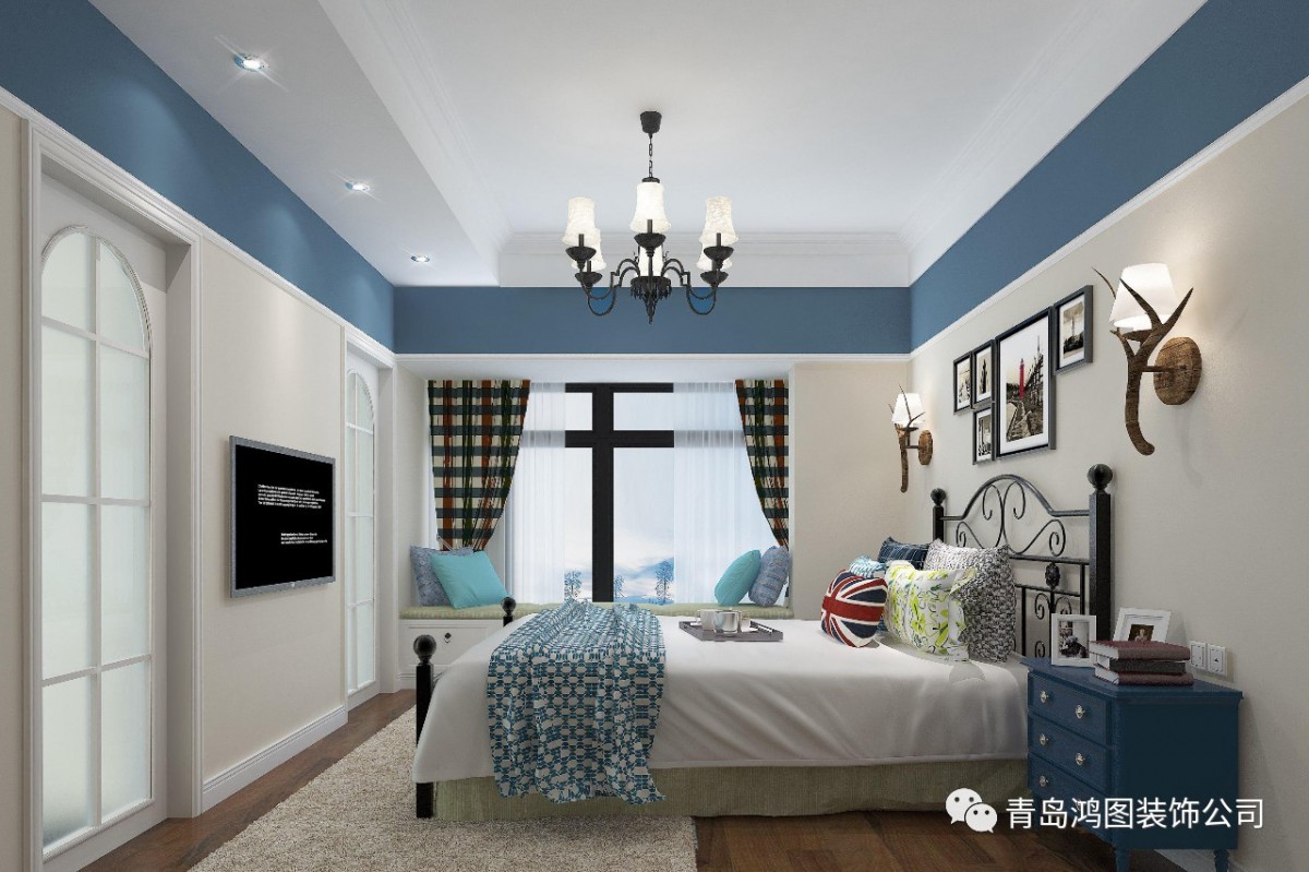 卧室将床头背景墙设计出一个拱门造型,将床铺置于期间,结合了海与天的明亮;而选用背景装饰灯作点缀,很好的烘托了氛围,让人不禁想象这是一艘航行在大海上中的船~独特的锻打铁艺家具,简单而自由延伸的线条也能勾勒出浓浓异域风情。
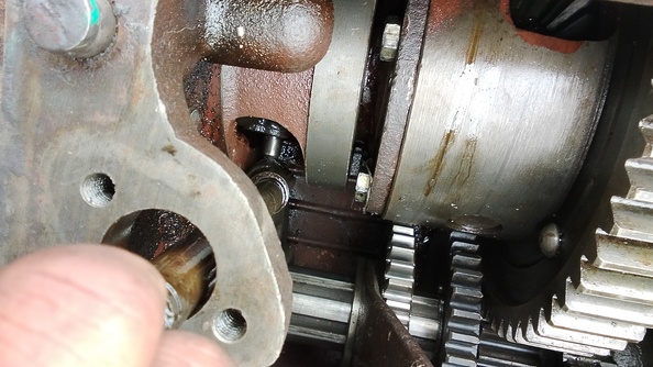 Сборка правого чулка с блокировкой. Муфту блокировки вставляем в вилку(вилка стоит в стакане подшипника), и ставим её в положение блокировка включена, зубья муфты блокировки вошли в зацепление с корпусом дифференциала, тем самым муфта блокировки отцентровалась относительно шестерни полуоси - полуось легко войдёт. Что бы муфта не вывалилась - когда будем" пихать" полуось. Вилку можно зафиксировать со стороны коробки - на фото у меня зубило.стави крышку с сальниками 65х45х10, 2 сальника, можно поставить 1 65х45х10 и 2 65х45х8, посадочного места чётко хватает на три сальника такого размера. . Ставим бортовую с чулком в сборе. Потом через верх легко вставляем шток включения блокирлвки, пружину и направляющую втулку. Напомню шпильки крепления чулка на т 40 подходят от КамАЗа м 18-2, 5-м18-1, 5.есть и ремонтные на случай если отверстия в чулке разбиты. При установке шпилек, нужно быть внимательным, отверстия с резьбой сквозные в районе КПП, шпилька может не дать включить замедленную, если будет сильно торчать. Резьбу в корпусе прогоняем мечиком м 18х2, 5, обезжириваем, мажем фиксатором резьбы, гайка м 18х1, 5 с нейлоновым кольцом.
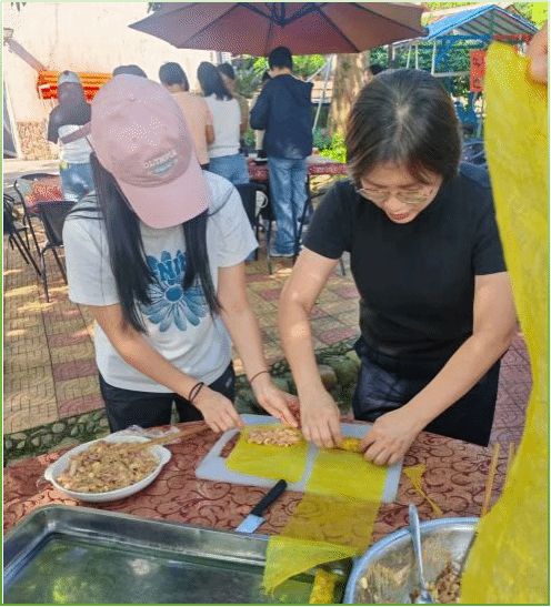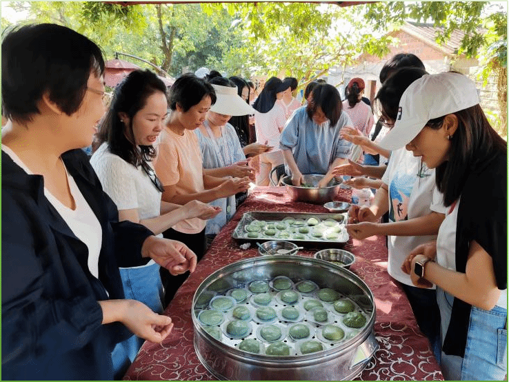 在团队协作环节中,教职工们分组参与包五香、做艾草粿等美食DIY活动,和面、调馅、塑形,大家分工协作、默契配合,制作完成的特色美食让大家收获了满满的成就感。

________

* What you need to do
Each line above should be written out again exactly, without any image.

* Finished task
 卧室将床头背景墙设计出一个拱门造型,将床铺置于期间,结合了海与天的明亮;而选用背景装饰灯作点缀,很好的烘托了氛围,让人不禁想象这是一艘航行在大海上中的船~独特的锻打铁艺家具,简单而自由延伸的线条也能勾勒出浓浓异域风情。
 Сборка правого чулка с блокировкой. Муфту блокировки вставляем в вилку(вилка стоит в стакане подшипника), и ставим её в положение блокировка включена, зубья муфты блокировки вошли в зацепление с корпусом дифференциала, тем самым муфта блокировки отцентровалась относительно шестерни полуоси - полуось легко войдёт. Что бы муфта не вывалилась - когда будем" пихать" полуось. Вилку можно зафиксировать со стороны коробки - на фото у меня зубило.стави крышку с сальниками 65х45х10, 2 сальника, можно поставить 1 65х45х10 и 2 65х45х8, посадочного места чётко хватает на три сальника такого размера. . Ставим бортовую с чулком в сборе. Потом через верх легко вставляем шток включения блокирлвки, пружину и направляющую втулку. Напомню шпильки крепления чулка на т 40 подходят от КамАЗа м 18-2, 5-м18-1, 5.есть и ремонтные на случай если отверстия в чулке разбиты. При установке шпилек, нужно быть внимательным, отверстия с резьбой сквозные в районе КПП, шпилька может не дать включить замедленную, если будет сильно торчать. Резьбу в корпусе прогоняем мечиком м 18х2, 5, обезжириваем, мажем фиксатором резьбы, гайка м 18х1, 5 с нейлоновым кольцом.
 在团队协作环节中,教职工们分组参与包五香、做艾草粿等美食DIY活动,和面、调馅、塑形,大家分工协作、默契配合,制作完成的特色美食让大家收获了满满的成就感。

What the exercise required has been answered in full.